Task description> The answer must be an exact copy of the lines from the one with "将调料汁均匀地铺在鸡翅和基围虾表面,再盖上盖子焖煮10分钟即可开盖。" to the last line of the entries below, both included, and must contain no pictures.

Materials provided>
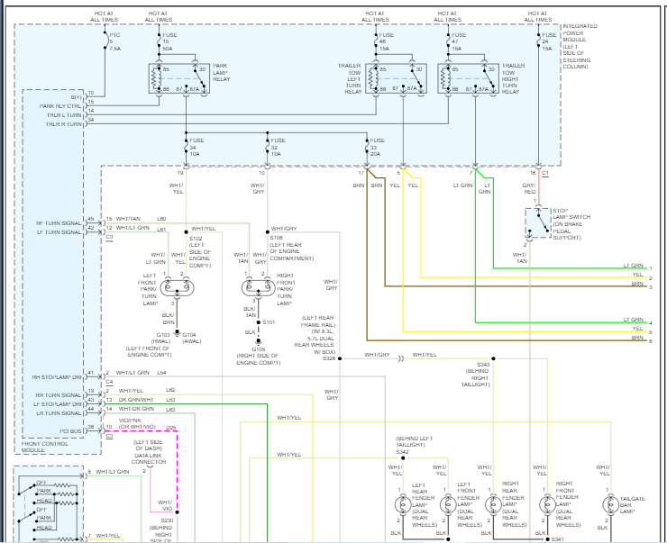 See pics below. Pics 1-4 are the exterior lighting circuits. Pics 5-6 are for the headlamps. If there is a different circuit you need, let me know.
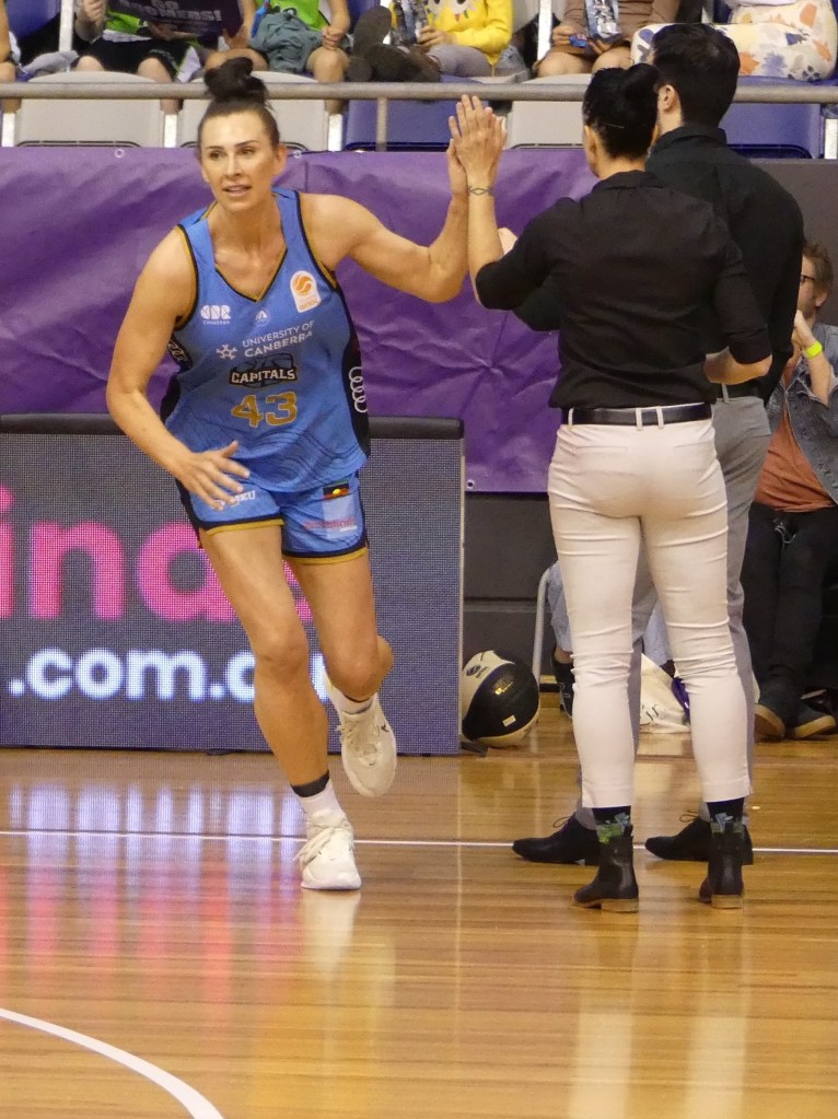 Veal faced a difficult initiation as a WNBL Head Coach with the University of Canberra Capitals in 2022/23 with the Caps losing their first 12 games of the season. The UC Capitals broke through for their first victory of the season in a home game at the National Convention Centre with a 92-85 victory against Bendigo Spirit on 14 January. In a post-game interview on ESPN after the Capitals defeated Bendigo Veal was asked about recording her first win as a WNBL Head Coach and responded “It is not even about the first win, it is just about these girls persisting, playing some really good basketball and getting some reward for that. Just so excited for them and so proud of them. I am glad we got our first win at home, it is a credit to the support and people say that all the time but their positivity when we haven’t won a game all year has been so calming and so reassuring.” Later in the season the Caps had a seven point victory at home against Adelaide and a one point loss on the road against eventual champions JCU Townsville Fire.
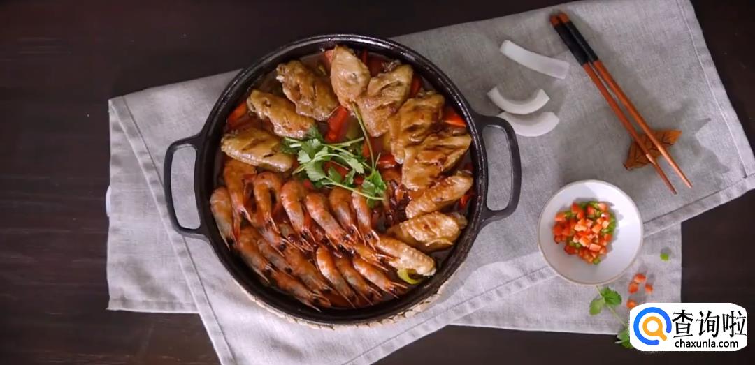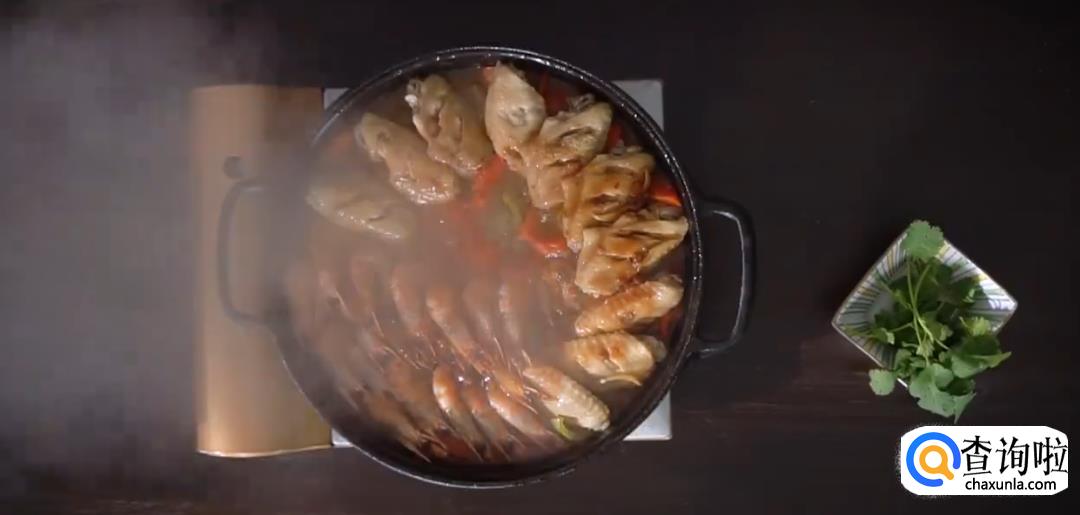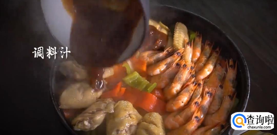 将调料汁均匀地铺在鸡翅和基围虾表面,再盖上盖子焖煮10分钟即可开盖。
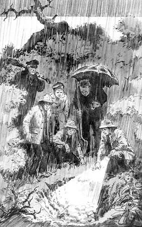 This illustration by Jack Hearne shows the boys, Cluny, Professor Shay, and Hans as they discover that someone has found the hidden treasure at Phantom Lake before they arrived.
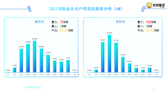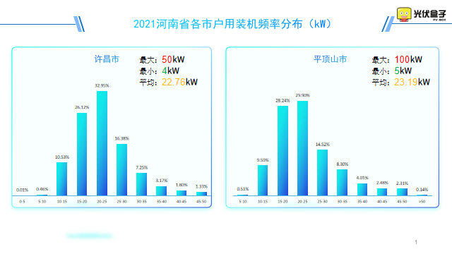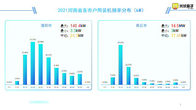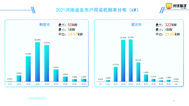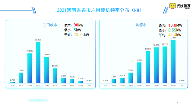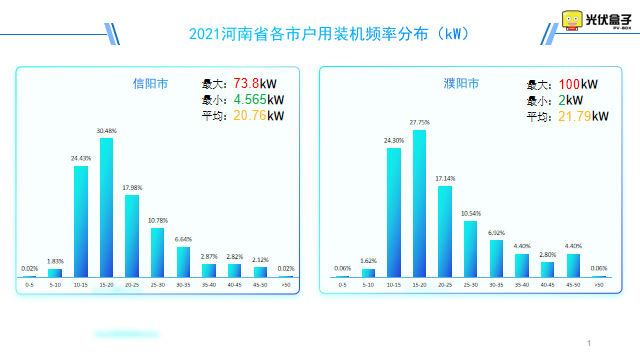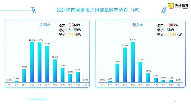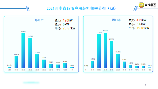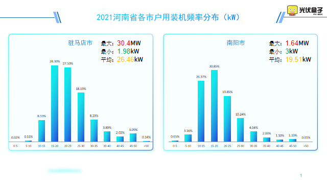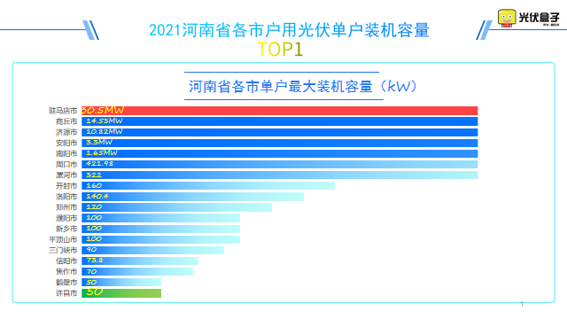 以下是2021年河南省戶用裝機頻率分布圖,最大單戶裝機在駐馬店市,為30.4MW。
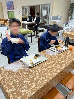 みんなよく眠れたようで、朝食もたくさんいただいています。
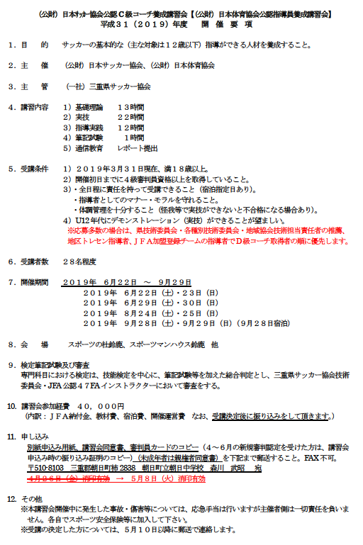 【2019年度】公認C級コーチ養成講習会受付期間延長のお知らせ
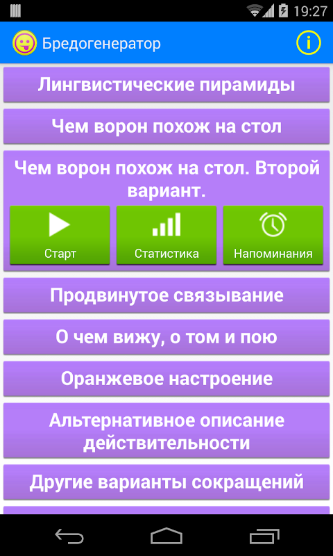 Приложение поможет вам в тренировке бредогенератора. Описание упражнений взято из книги Филиппа Богачева "Пикап. cамоучитель по соблазнению (РМЭС 2.0)"
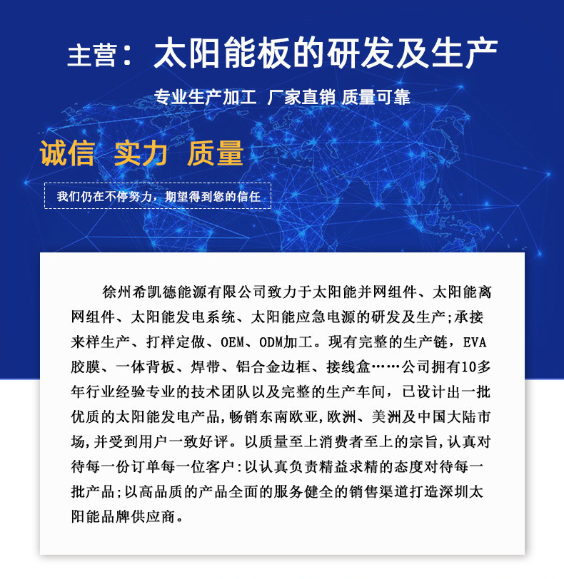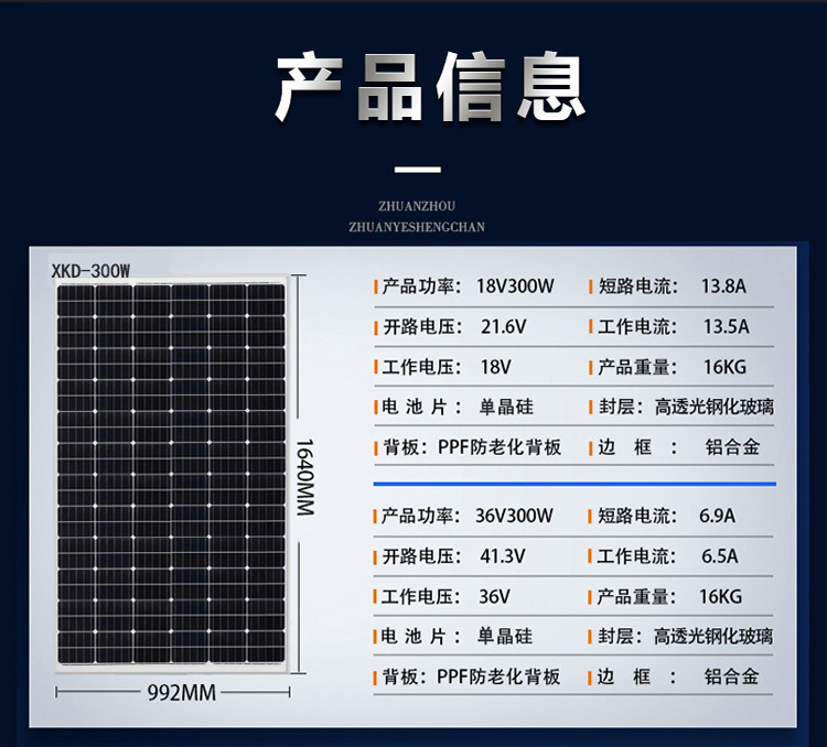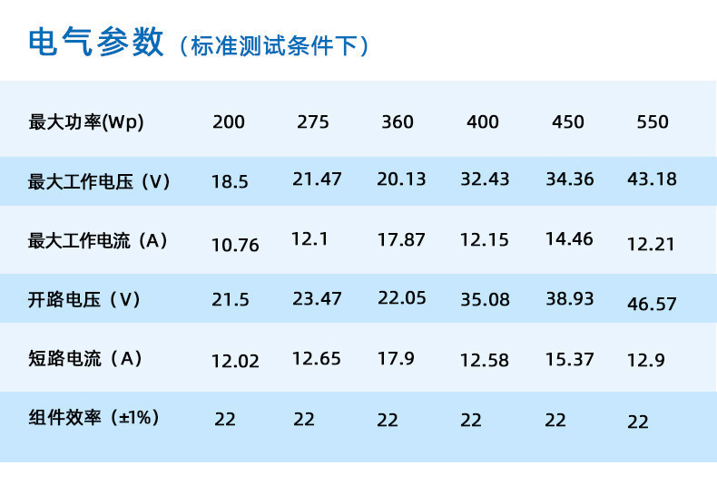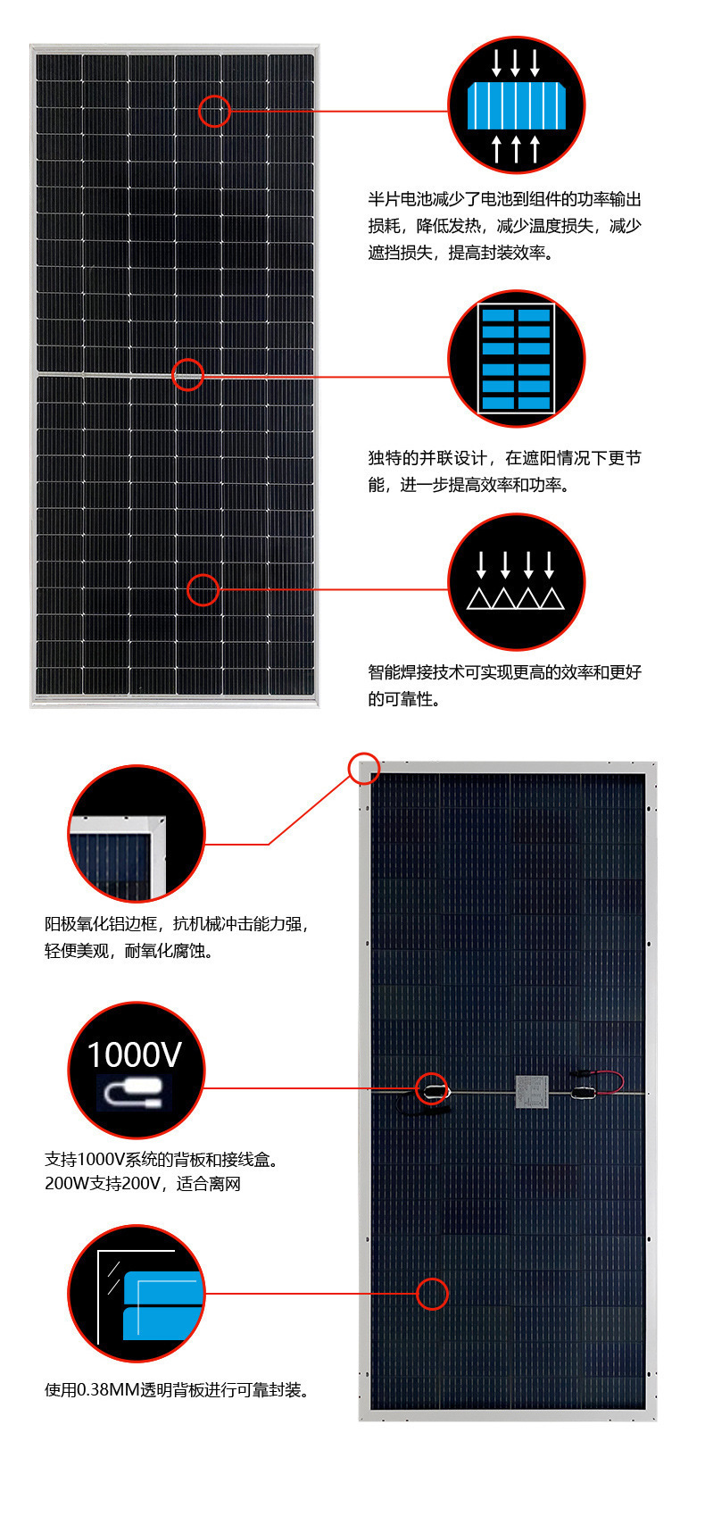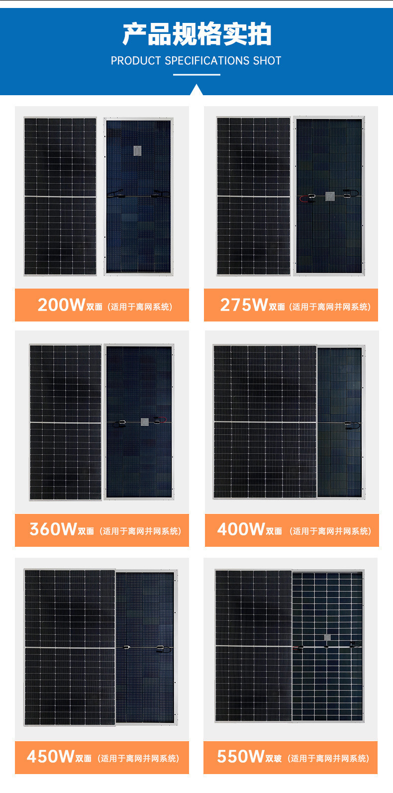 规格型号 单晶12V30W 350*630mm,单晶 12V50W 530*670mm,单晶 12v 60W 590*670mm,单晶12V 80W 830*550mm,单晶12V100W 1200*540mm,单晶12V100W 1200*550mm,单晶12V100W 910*670mm,单晶12V100W 1010*540mm,单晶12V110W1200*580mm,单晶12V120W 1020*670mm,单晶12V135W1200*670mm,单晶12V150W 1320*670mm,单晶12V180W1480*670mm,单晶12V190W1580*670mm,单晶12V200W 1580*810mm,单晶24V200W 1580*810mm,单晶12V200W 1200*880mm,单晶24V200W 1200*880mm,单晶12V200W 1640*670mm,单晶12V220W 1305*875mm,单晶12V250W 1380*990mm,单晶12V300W 1640*990mm,单晶24V300W 1640*990mm,单晶12V300W 1705*880mm,单晶24V300W 1705*880mm,单晶24V350W1960*992mm,MC4防水插头,18V200W单玻双面1580*710mm,300M10-4/18双面1722*776mm,400M12-4/18双面1960*889mm,450M10-6/18双面1722*1134mm,500M10-6/20双面1910*1134mm,585M10-6/24双面2278*1134mm,单晶12V200W 1150*990mm

Answer for the task>
 将调料汁均匀地铺在鸡翅和基围虾表面,再盖上盖子焖煮10分钟即可开盖。
 This illustration by Jack Hearne shows the boys, Cluny, Professor Shay, and Hans as they discover that someone has found the hidden treasure at Phantom Lake before they arrived.
 以下是2021年河南省戶用裝機頻率分布圖,最大單戶裝機在駐馬店市,為30.4MW。
 みんなよく眠れたようで、朝食もたくさんいただいています。
 【2019年度】公認C級コーチ養成講習会受付期間延長のお知らせ
 Приложение поможет вам в тренировке бредогенератора. Описание упражнений взято из книги Филиппа Богачева "Пикап. cамоучитель по соблазнению (РМЭС 2.0)"
 规格型号 单晶12V30W 350*630mm,单晶 12V50W 530*670mm,单晶 12v 60W 590*670mm,单晶12V 80W 830*550mm,单晶12V100W 1200*540mm,单晶12V100W 1200*550mm,单晶12V100W 910*670mm,单晶12V100W 1010*540mm,单晶12V110W1200*580mm,单晶12V120W 1020*670mm,单晶12V135W1200*670mm,单晶12V150W 1320*670mm,单晶12V180W1480*670mm,单晶12V190W1580*670mm,单晶12V200W 1580*810mm,单晶24V200W 1580*810mm,单晶12V200W 1200*880mm,单晶24V200W 1200*880mm,单晶12V200W 1640*670mm,单晶12V220W 1305*875mm,单晶12V250W 1380*990mm,单晶12V300W 1640*990mm,单晶24V300W 1640*990mm,单晶12V300W 1705*880mm,单晶24V300W 1705*880mm,单晶24V350W1960*992mm,MC4防水插头,18V200W单玻双面1580*710mm,300M10-4/18双面1722*776mm,400M12-4/18双面1960*889mm,450M10-6/18双面1722*1134mm,500M10-6/20双面1910*1134mm,585M10-6/24双面2278*1134mm,单晶12V200W 1150*990mm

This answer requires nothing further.